What follows is a set of entries. Give them again exactly, without the pictures.

*** Source data ***

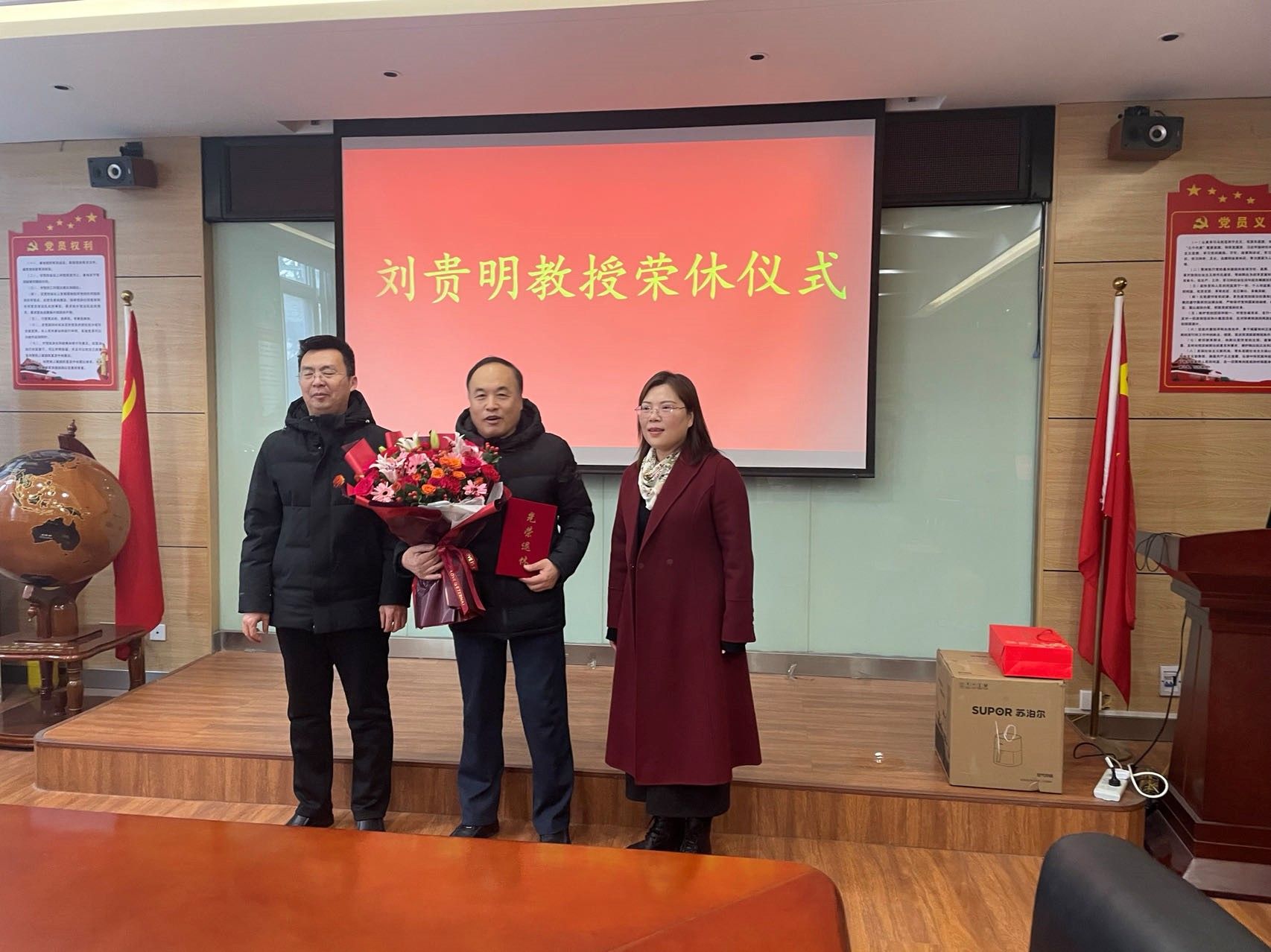 接下来,学院领导向刘贵明副教授赠送了美丽的鲜花和荣誉证书,以此表达对其多年辛勤工作的感激与敬意。随后,教师代表纷纷发言,分享了与刘贵明副教授共事的美好回忆,言语中充满了对前辈的敬仰与不舍。
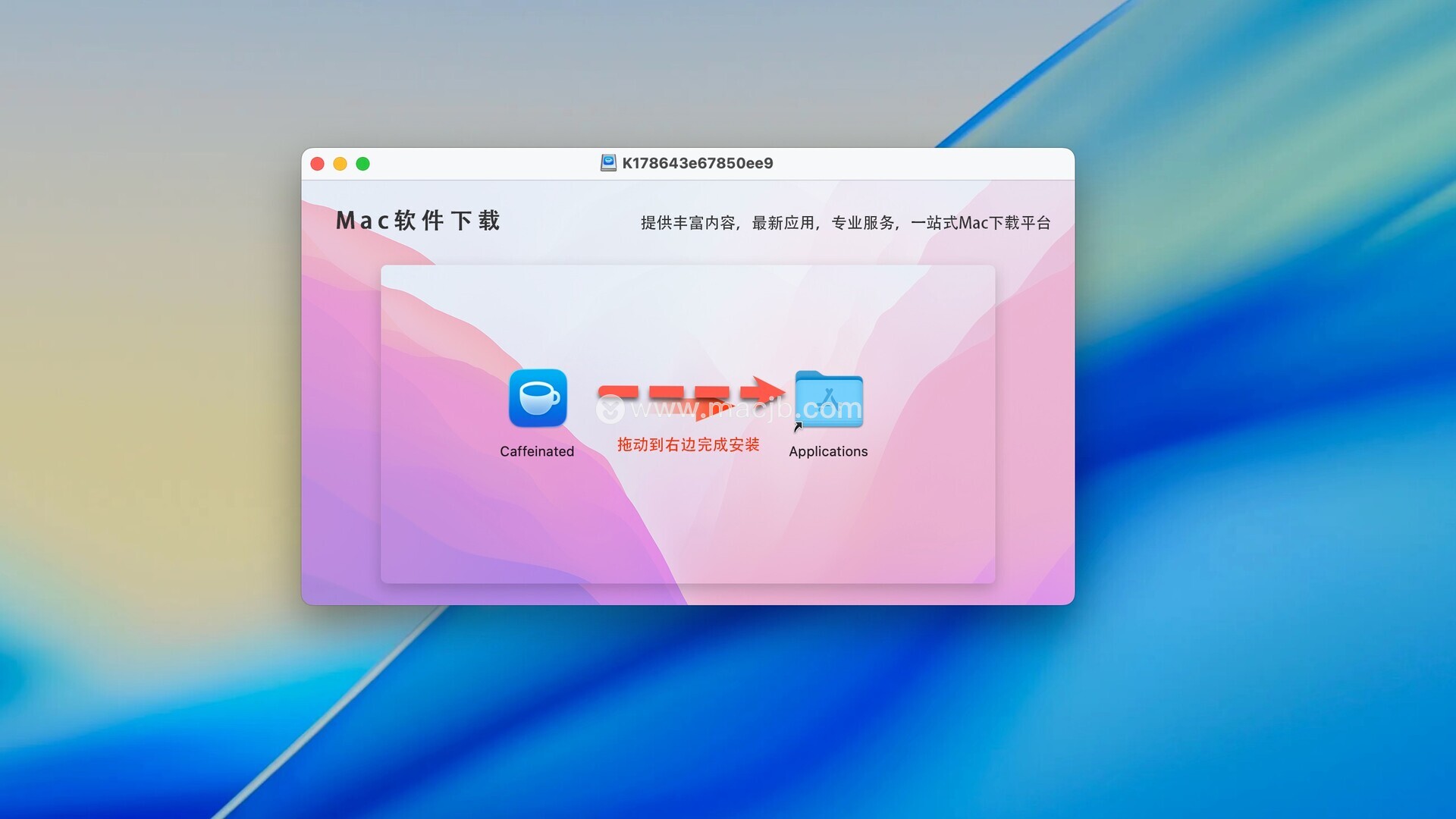 下载完成后打开,将左侧的软件拖到右边的应用程序中进行安装。
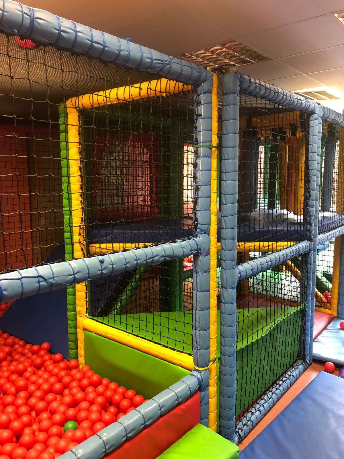 Op zoek naar een lunchadresjes belandden we uiteindelijk ten einde raad in Kinlochleven. Iedereen had immers hetzelfde idee om binnen te schuilen. Het enige wat we vonden was t cafetje van de klimzaal “Ice Factor” waar je kan muurklimmen, touwenparcours doen, indoor gletsjerklimmen en boulderen. Gelukkig voor ons was er plaats om te zitten; konden we 2 kids na een ongelukje omkleden en was er een burger die er mee doorkon met wat verbeelding… De gratis binnenspeeltuin werd door Ava goedgekeurd! We brachten er een paar uur door en reden dan toch maar door op zoek naar t goede weer.
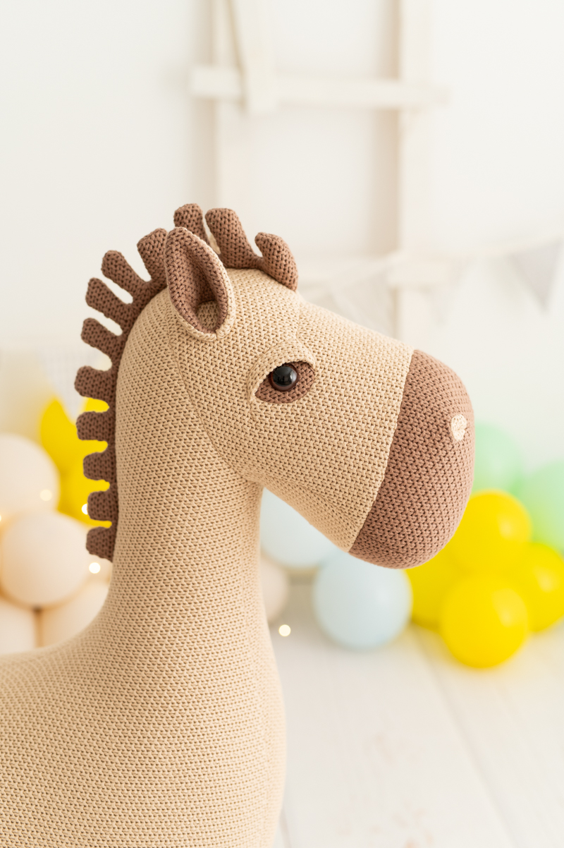 Descubre la ternura en su versión más grande del Peluche Caballo Maxi en color marrón de Algodón 100% natural, una creación artesanal única, tierna y segura de Crochetts®, diseñada para llenar de magia, diseño y naturalidad las habitaciones infantiles.
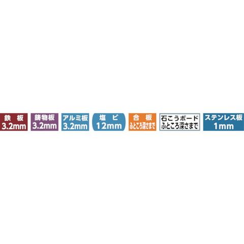 ・被削材:鉄、アルミ、鋳物、合板、石こう、塩ビ、塩ビ管など、鋼管、ステンレス(1.0mm)など。
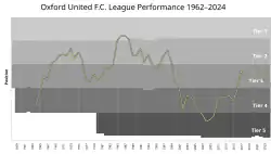 The club joined the Football League in 1962 after winning the Southern Football League, reaching the Second Division in 1968.[2] After relegation in 1976, between 1984 and 1986 the club earned successive promotions into the First Division, and won the League Cup in 1986.[3] However, Oxford were unable thereby to enter the 1987 UEFA Cup because of the UEFA ban on English clubs in European competitions.[4] Relegation from the top flight in 1988 began an 18-year decline which saw the club relegated to the Conference in 2006, becoming the first winners of a major trophy to be relegated from the Football League. After four seasons, Oxford returned to League Two in 2010 via the play-offs, and six seasons later achieved promotion to League One, after finishing second in League Two in 2016. In 2024 they were promoted to the EFL Championship via the play-offs.[5]
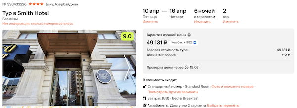 Smith Hotel 4* с завтраками 24.500 рублей за человека (49.100 рублей за двоих)
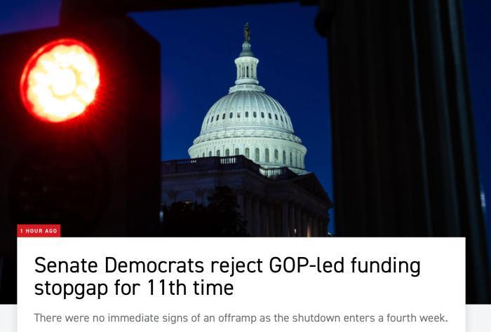 該法案原計劃將政府資金延長至11月21日,最終以50票贊成、43票反對未達通過所需的60票門檻。
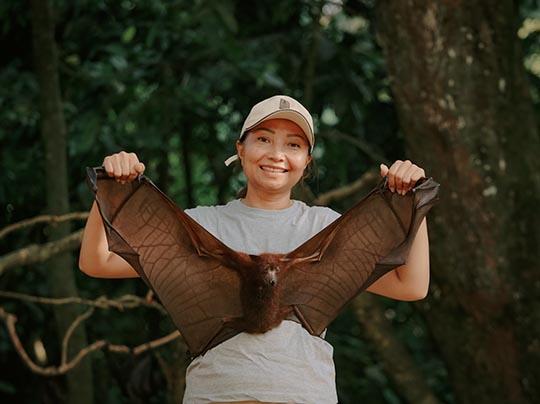 The forest is in the village of Kutuh in the Marga district of Tabanan regency, about a 25-km drive northeast of Bali’s provincial capital of Denpasar. The Pura Dalem Kahyangan Kedaton Temple serves as its centerpiece, with pathways surrounding the mossy temple walls that provide a pleasant walk.
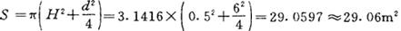 〔计算例〕 有立式油罐封头,已知封头高(H)0.50米,直径6.00米,如图1-11所示,求封头表面积。

*** End of Source data ***

■ Task result ■
 接下来,学院领导向刘贵明副教授赠送了美丽的鲜花和荣誉证书,以此表达对其多年辛勤工作的感激与敬意。随后,教师代表纷纷发言,分享了与刘贵明副教授共事的美好回忆,言语中充满了对前辈的敬仰与不舍。
 下载完成后打开,将左侧的软件拖到右边的应用程序中进行安装。
 Op zoek naar een lunchadresjes belandden we uiteindelijk ten einde raad in Kinlochleven. Iedereen had immers hetzelfde idee om binnen te schuilen. Het enige wat we vonden was t cafetje van de klimzaal “Ice Factor” waar je kan muurklimmen, touwenparcours doen, indoor gletsjerklimmen en boulderen. Gelukkig voor ons was er plaats om te zitten; konden we 2 kids na een ongelukje omkleden en was er een burger die er mee doorkon met wat verbeelding… De gratis binnenspeeltuin werd door Ava goedgekeurd! We brachten er een paar uur door en reden dan toch maar door op zoek naar t goede weer.
 Descubre la ternura en su versión más grande del Peluche Caballo Maxi en color marrón de Algodón 100% natural, una creación artesanal única, tierna y segura de Crochetts®, diseñada para llenar de magia, diseño y naturalidad las habitaciones infantiles.
 ・被削材:鉄、アルミ、鋳物、合板、石こう、塩ビ、塩ビ管など、鋼管、ステンレス(1.0mm)など。
 The club joined the Football League in 1962 after winning the Southern Football League, reaching the Second Division in 1968.[2] After relegation in 1976, between 1984 and 1986 the club earned successive promotions into the First Division, and won the League Cup in 1986.[3] However, Oxford were unable thereby to enter the 1987 UEFA Cup because of the UEFA ban on English clubs in European competitions.[4] Relegation from the top flight in 1988 began an 18-year decline which saw the club relegated to the Conference in 2006, becoming the first winners of a major trophy to be relegated from the Football League. After four seasons, Oxford returned to League Two in 2010 via the play-offs, and six seasons later achieved promotion to League One, after finishing second in League Two in 2016. In 2024 they were promoted to the EFL Championship via the play-offs.[5]
 Smith Hotel 4* с завтраками 24.500 рублей за человека (49.100 рублей за двоих)
 該法案原計劃將政府資金延長至11月21日,最終以50票贊成、43票反對未達通過所需的60票門檻。
 The forest is in the village of Kutuh in the Marga district of Tabanan regency, about a 25-km drive northeast of Bali’s provincial capital of Denpasar. The Pura Dalem Kahyangan Kedaton Temple serves as its centerpiece, with pathways surrounding the mossy temple walls that provide a pleasant walk.
 〔计算例〕 有立式油罐封头,已知封头高(H)0.50米,直径6.00米,如图1-11所示,求封头表面积。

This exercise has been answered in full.